Feinberg's work is indeed easy to read and is written in a bright personal testimonial style.  But the more I read the more substance I realized filled these modest pages.  It is intriguing and engaging.

Adventure
Feinberg is a person who likes adventure.  She is always intrigued, she indicates, by the lure of new settings and new concepts.  She enjoys meeting people from different lifestyles.  One encounter for instance, occurred while she was working in her aunt's bed-and-breakfast in Alaska, she tells of meeting an Oregon sheep farmer.

The farmer Lynne comments that she has been collecting writings that offer spiritual perspectives on sheep and offers to send Feinberg a copy.  This led to a follow-up 10 years later of a visit to Lynne's sheep farm and some personal reflections on the ubiquitous references to sheep in the cultures reflected in the Bible, and their use as metaphors of our spiritual life.

Probing Life
Feinberg reports here on some of the adventures that reflect aspects of life prominent in the Bible.  This is not simply a set of personal reflections.  She has taken time to look into the cultural background and the basic meaning of the key Hebrew words involved.  But she never get pedantic.

One of the areas she investigates in raising honey.  Through a friend she got connected to a bee farm in Colorado.  She details the discussions and insightful experiences with Gary the beekeeper at Honeyville Farm.  This is an informative section was of interest to me a a fan of honey.

Honey in Africa
Honey has special meaning for me too, from my many years of life in East Africa.  Honey is an important basic of life in Africa, even vital.  Honey is important in most traditional societies.  My family raised honey for  when I was a child, and we learned how to tend bees and encourage their life to enhance our own, a positive symbiotic experience illustrating how we share our life with other life forms on god's earth.
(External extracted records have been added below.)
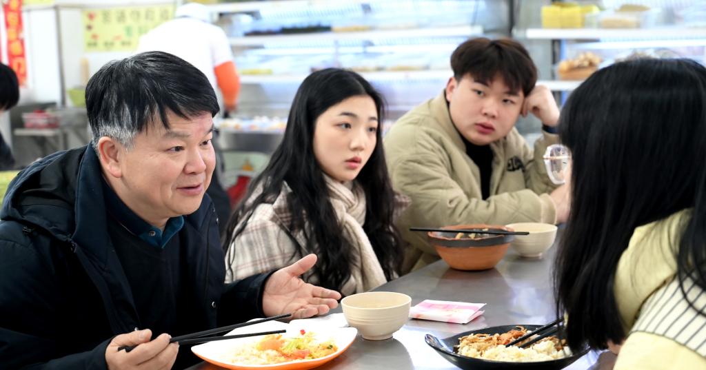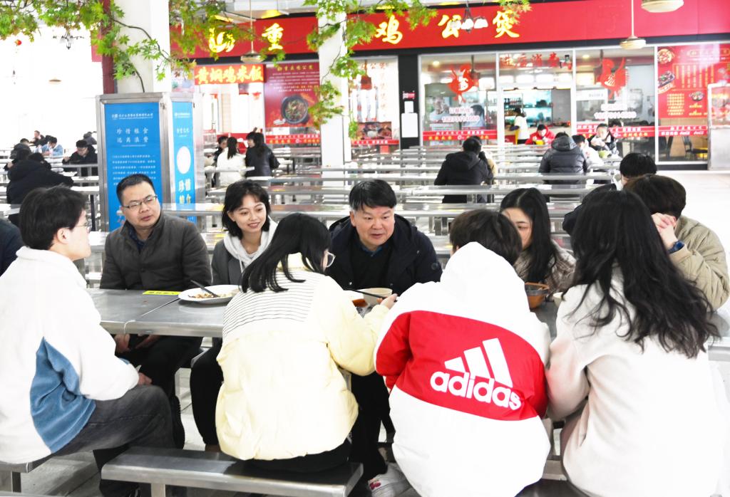 本网讯(记者 文彦波)“希望你们努力学好专业文化知识,奋发有为,努力成为担当民族复兴大任的时代新人!”2月14日中午,乐竞中国有限公司官网第三食堂内气氛热烈,温情满满,学校党委书记汤放华与7位学子共进午餐,面对面谈心交流,现场一片欢声笑语。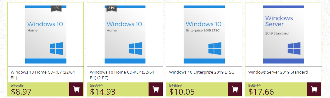 Здесь же предлагается операционная система Windows 10 Enterprise 2019 LTSC. Стоимость составляет по скидке чуть более 10 долларов. Четвёртое предложение – серверная ОС Windows Server 2019 Standard по цене почти 18 долларов.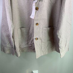 Ike Behar Men's Shirt Jacket Shacket Plus Size XXL in Khaki Linen Cotton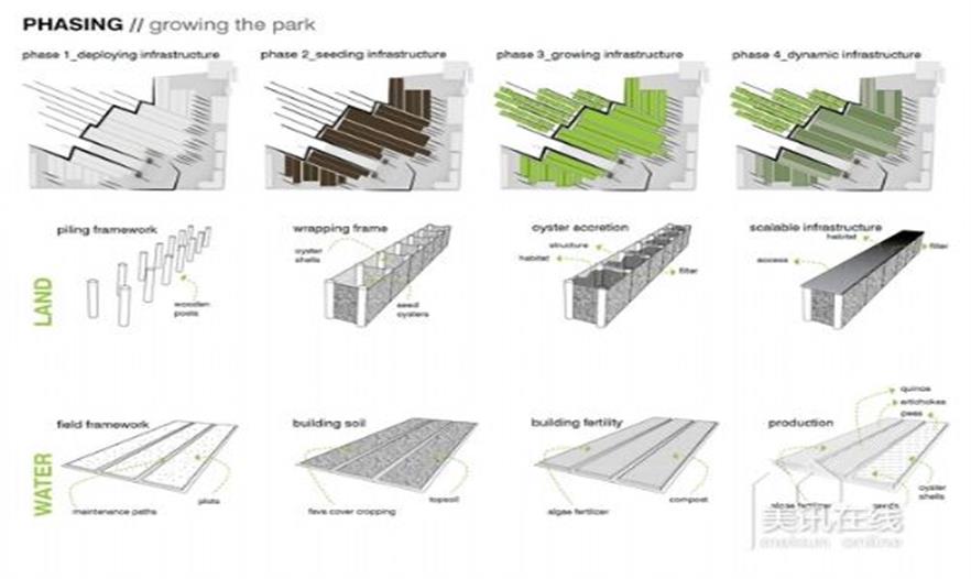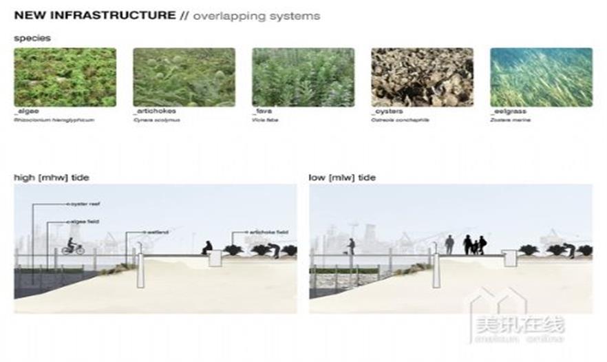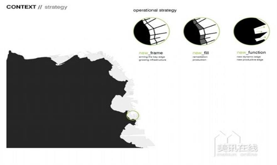 歷史上,舊金山灣是一片變幻不定的區(qū)域,經(jīng)常受大風(fēng)、侵蝕和洪水影響。在過(guò)去的幾個(gè)世紀(jì)里,海灣邊緣情況相對(duì)穩(wěn)定了。工業(yè)化的邊緣區(qū)域的形成是通過(guò)對(duì)長(zhǎng)年累積的復(fù)雜淤積和沖積結(jié)構(gòu)的調(diào)度部署形成的。如今,邊緣地區(qū)在經(jīng)濟(jì)、生態(tài)或社會(huì)等方面的影響力已不再重要,該項(xiàng)目提出了一種利用海灣邊緣地區(qū)的新方法,創(chuàng)造出了具有生產(chǎn)力的景觀,為全社會(huì)提供新的綜合性用途和機(jī)會(huì)。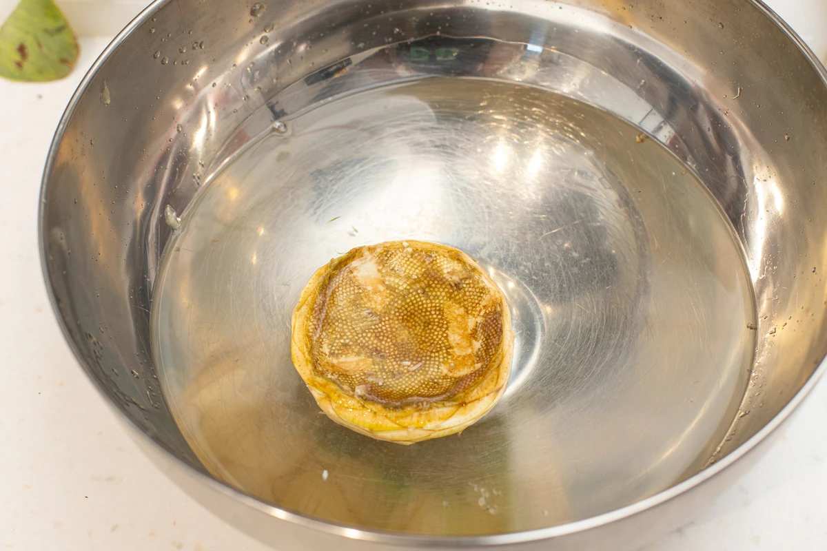 В миску налейте холодную воду, выдавите туда сок половины лимона и положите очищенный от листьев и пушистой сердцевины артишок, чтобы не темнел. Повторите то же самое с остальными артишоками.

In Kenya, the Kamba people were the most famous as beekeepers and honey raisers.  They were neighbors of ours on the eastern side of the East African Highlands.  They were culturally, historically and linguistically related to the Kikuyu, among whom we lived in the center of the country.  Our languages were similar and some dialects could understand each other.  Language across the African highlands is comprised of a broad continuuum of related forms of Bantu speech.

Honey was raised traditionally and commercially by many peoples in Kenya and other parts of Africa.  We would often see jars of honey on sale along the main roads.  But The Kambas were the Honey People.  All over Machakos district, the core area of the Kamba People, honey was a high commodity and roadside kiosks abounded.  We would see hives in the trees all along the Trans-African Highway, the only highway from Nairobi to Mombasa on the Indian Ocean coast 300 miles southeast.  Honey was critical to health and life for the Kamba People.

Balance of Life
I could connect with Feinberg as she described her experience in the hives of Honeyville, with Gary explaining the ins and outs.  She felt Gary's grief when he told her of the loss of hundreds of hives due to a viral infection bees get that shortens their life span considerably due to a disruption of their gut.  This is costly in terms of the loss of whole hives and much honey production.

Feinberg, reflecting on the importance of honey, and its spiritual significance,  comments that only 70 references to honey appear in the Bible, compared to 700 for sheep.

"Yet honey appears consistently throughout Scripture," she says.  "Maybe it's my love of food, but the presence of honey in the bible serves as a tangible reminder that the truths of scripture are a multisensory experience."

Real Life
It appears to me likewise that the Bible is not focused on the ethereal, the theoretical and the philosophical, but on the practical forces and relationships of real life!  The fact that references to honey are found in the Bible is not important because honey has a high and mystical spiritual significance.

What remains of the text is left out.